TO DO:
Restate word for word the entries below, starting at the line with "Smukke julekugler formet" and ending at the line with "The Universal Furniture". Keep both end lines and omit the pictures.

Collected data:
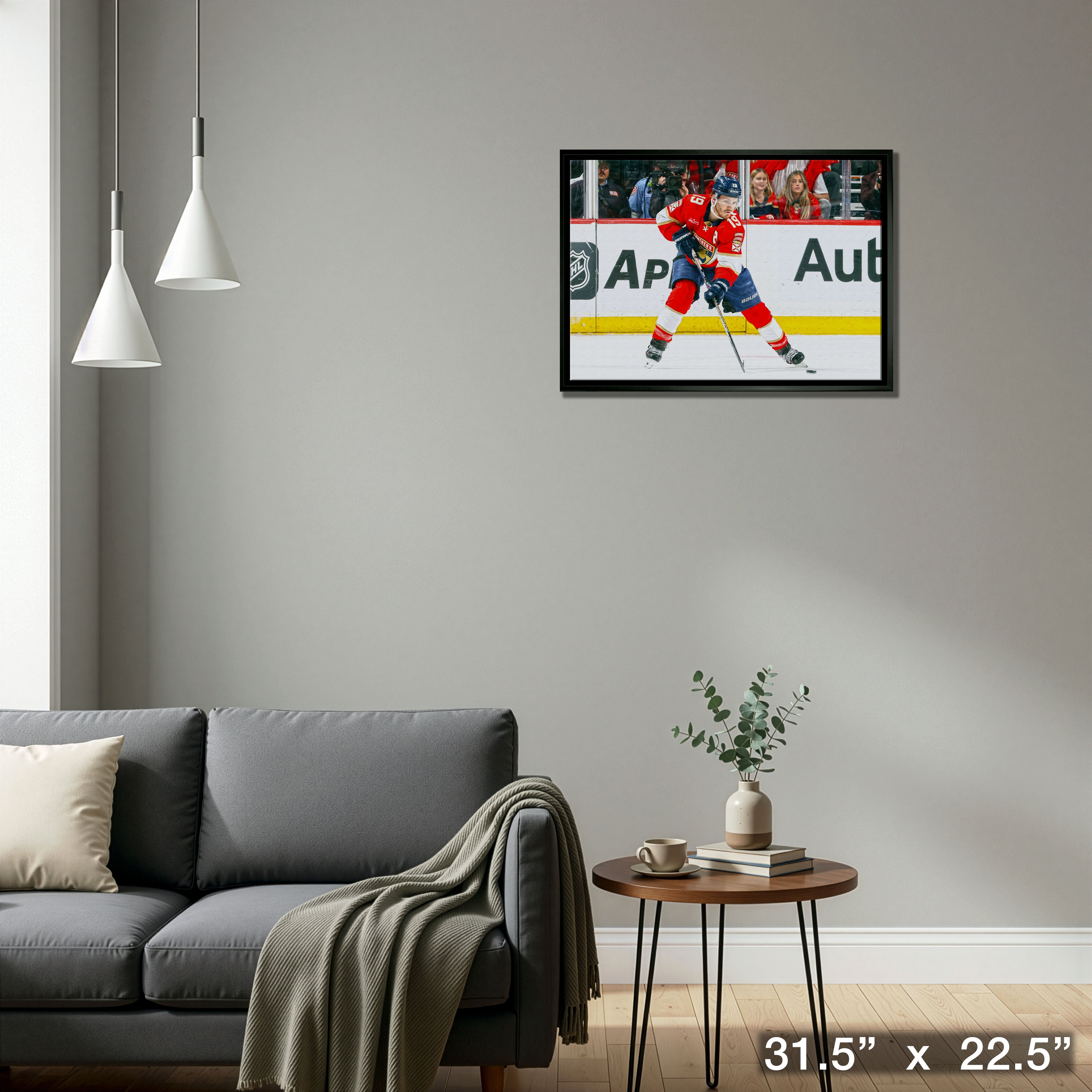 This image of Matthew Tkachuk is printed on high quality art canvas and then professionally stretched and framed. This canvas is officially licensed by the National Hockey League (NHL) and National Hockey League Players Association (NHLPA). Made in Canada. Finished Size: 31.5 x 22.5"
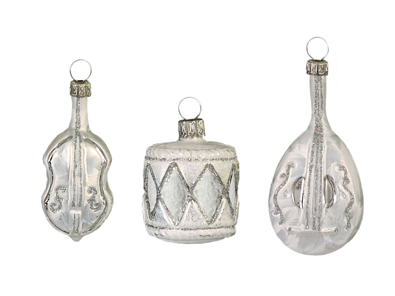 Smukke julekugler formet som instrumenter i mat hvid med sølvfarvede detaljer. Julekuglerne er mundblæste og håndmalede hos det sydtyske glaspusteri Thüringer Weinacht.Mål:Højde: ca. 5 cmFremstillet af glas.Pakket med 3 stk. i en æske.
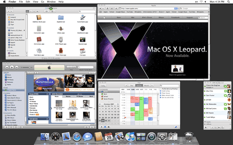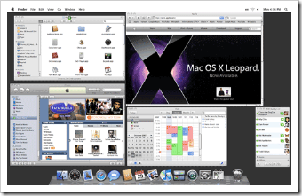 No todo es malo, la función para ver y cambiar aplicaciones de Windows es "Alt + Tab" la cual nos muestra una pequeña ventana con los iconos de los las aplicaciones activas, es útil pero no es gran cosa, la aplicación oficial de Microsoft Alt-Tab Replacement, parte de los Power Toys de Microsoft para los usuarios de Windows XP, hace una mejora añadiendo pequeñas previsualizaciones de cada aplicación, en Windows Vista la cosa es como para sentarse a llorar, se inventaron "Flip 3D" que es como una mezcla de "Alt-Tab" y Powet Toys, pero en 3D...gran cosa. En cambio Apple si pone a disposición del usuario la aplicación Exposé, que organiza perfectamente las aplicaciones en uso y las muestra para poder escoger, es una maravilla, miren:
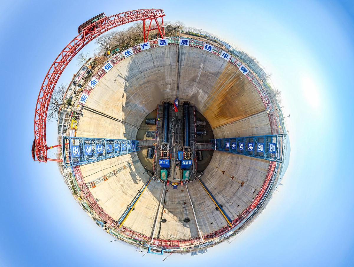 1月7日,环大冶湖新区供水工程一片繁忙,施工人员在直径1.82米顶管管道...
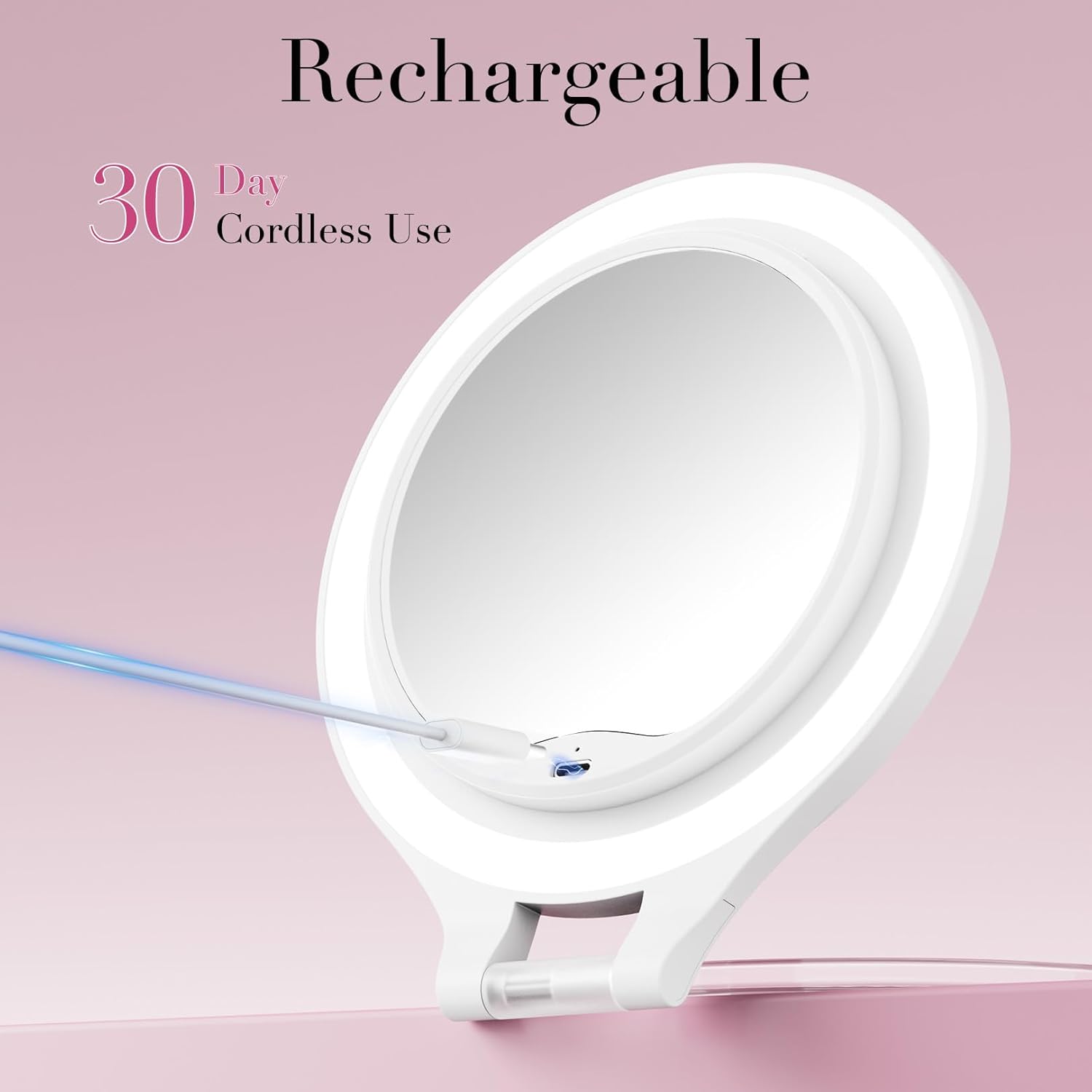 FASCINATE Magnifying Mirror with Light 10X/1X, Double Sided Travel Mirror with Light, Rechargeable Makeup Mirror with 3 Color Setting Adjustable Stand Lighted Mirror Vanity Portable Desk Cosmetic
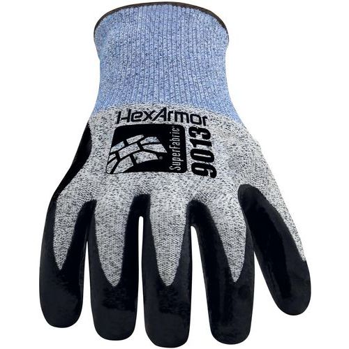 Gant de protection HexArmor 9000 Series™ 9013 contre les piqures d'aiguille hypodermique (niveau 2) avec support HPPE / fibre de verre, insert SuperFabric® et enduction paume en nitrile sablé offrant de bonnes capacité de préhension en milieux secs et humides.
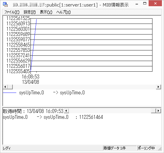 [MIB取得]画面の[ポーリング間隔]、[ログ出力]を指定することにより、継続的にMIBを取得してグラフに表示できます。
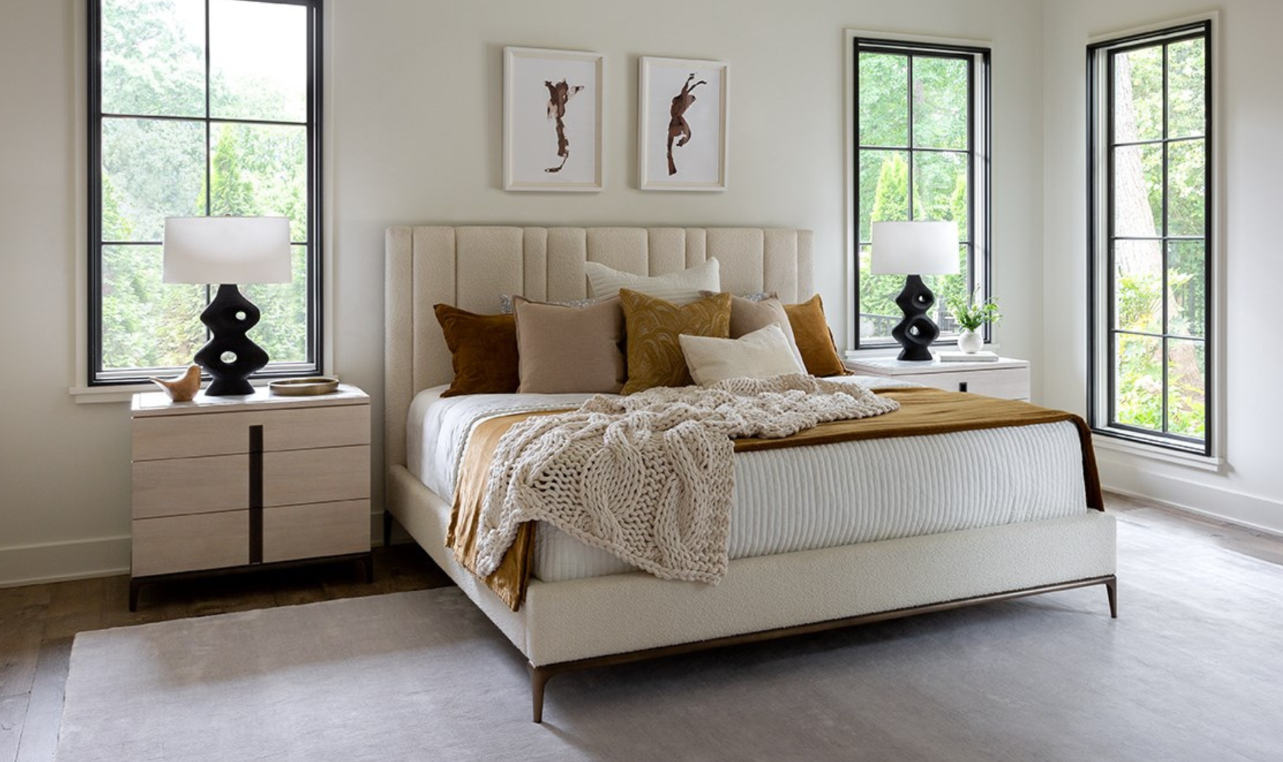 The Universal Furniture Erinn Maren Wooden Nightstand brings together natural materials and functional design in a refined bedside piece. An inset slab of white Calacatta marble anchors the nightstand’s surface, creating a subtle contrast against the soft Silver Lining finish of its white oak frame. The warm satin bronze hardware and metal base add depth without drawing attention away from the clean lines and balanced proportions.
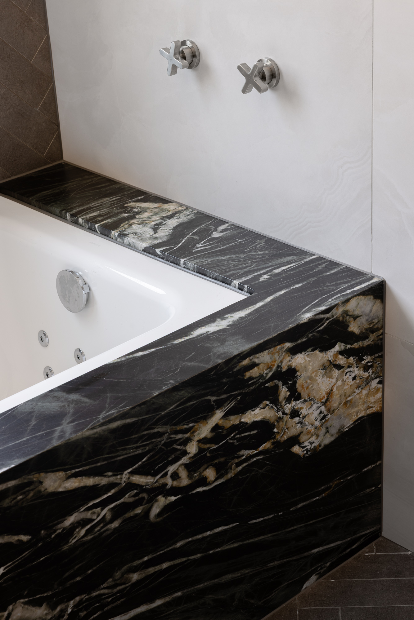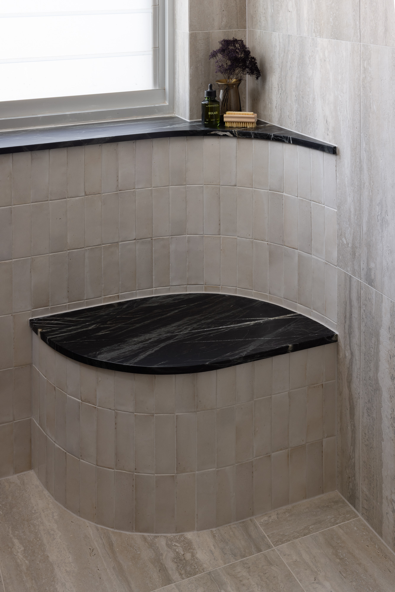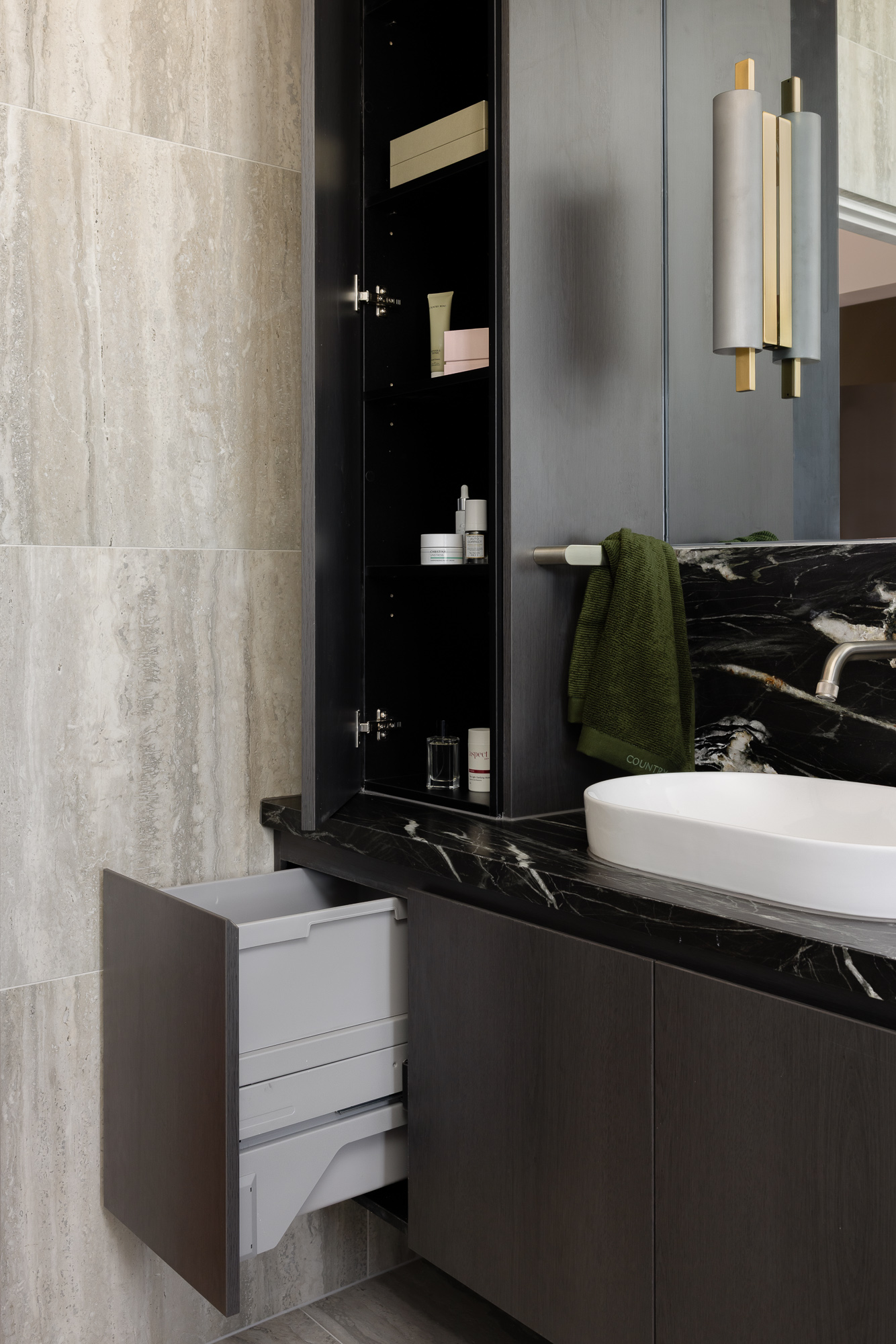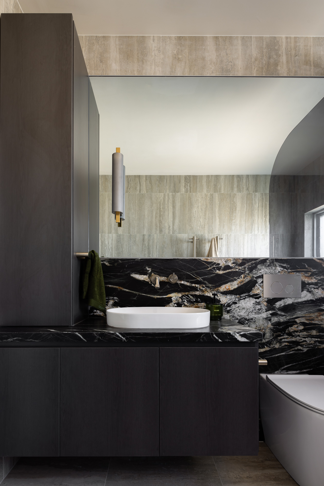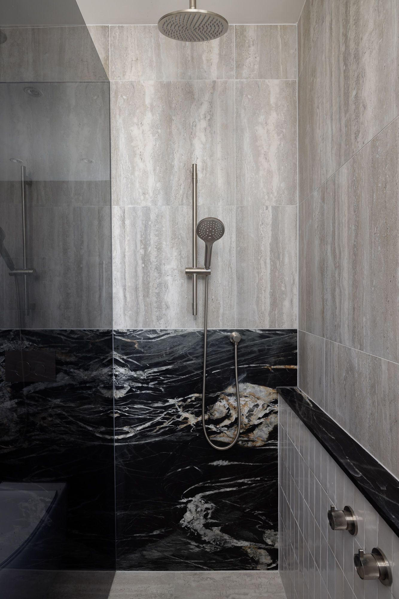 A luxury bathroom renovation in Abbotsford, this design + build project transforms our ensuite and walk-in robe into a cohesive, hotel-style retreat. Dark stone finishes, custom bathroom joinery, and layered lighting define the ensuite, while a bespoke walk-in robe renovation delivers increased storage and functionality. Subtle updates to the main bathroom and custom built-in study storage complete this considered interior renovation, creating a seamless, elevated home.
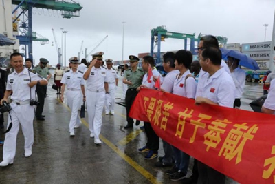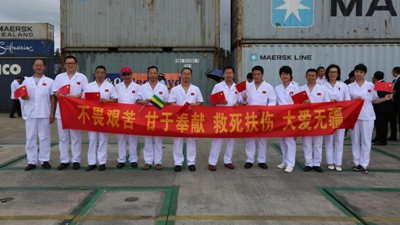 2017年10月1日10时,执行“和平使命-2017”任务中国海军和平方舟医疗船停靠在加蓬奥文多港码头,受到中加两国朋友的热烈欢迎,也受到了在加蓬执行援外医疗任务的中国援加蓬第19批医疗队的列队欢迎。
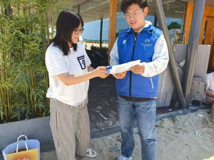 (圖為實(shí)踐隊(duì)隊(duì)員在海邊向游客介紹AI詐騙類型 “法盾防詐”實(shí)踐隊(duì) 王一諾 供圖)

WRITTEN SOLUTION:
 Smukke julekugler formet som instrumenter i mat hvid med sølvfarvede detaljer. Julekuglerne er mundblæste og håndmalede hos det sydtyske glaspusteri Thüringer Weinacht.Mål:Højde: ca. 5 cmFremstillet af glas.Pakket med 3 stk. i en æske.
 No todo es malo, la función para ver y cambiar aplicaciones de Windows es "Alt + Tab" la cual nos muestra una pequeña ventana con los iconos de los las aplicaciones activas, es útil pero no es gran cosa, la aplicación oficial de Microsoft Alt-Tab Replacement, parte de los Power Toys de Microsoft para los usuarios de Windows XP, hace una mejora añadiendo pequeñas previsualizaciones de cada aplicación, en Windows Vista la cosa es como para sentarse a llorar, se inventaron "Flip 3D" que es como una mezcla de "Alt-Tab" y Powet Toys, pero en 3D...gran cosa. En cambio Apple si pone a disposición del usuario la aplicación Exposé, que organiza perfectamente las aplicaciones en uso y las muestra para poder escoger, es una maravilla, miren:
 1月7日,环大冶湖新区供水工程一片繁忙,施工人员在直径1.82米顶管管道...
 FASCINATE Magnifying Mirror with Light 10X/1X, Double Sided Travel Mirror with Light, Rechargeable Makeup Mirror with 3 Color Setting Adjustable Stand Lighted Mirror Vanity Portable Desk Cosmetic
 Gant de protection HexArmor 9000 Series™ 9013 contre les piqures d'aiguille hypodermique (niveau 2) avec support HPPE / fibre de verre, insert SuperFabric® et enduction paume en nitrile sablé offrant de bonnes capacité de préhension en milieux secs et humides.
 [MIB取得]画面の[ポーリング間隔]、[ログ出力]を指定することにより、継続的にMIBを取得してグラフに表示できます。
 The Universal Furniture Erinn Maren Wooden Nightstand brings together natural materials and functional design in a refined bedside piece. An inset slab of white Calacatta marble anchors the nightstand’s surface, creating a subtle contrast against the soft Silver Lining finish of its white oak frame. The warm satin bronze hardware and metal base add depth without drawing attention away from the clean lines and balanced proportions.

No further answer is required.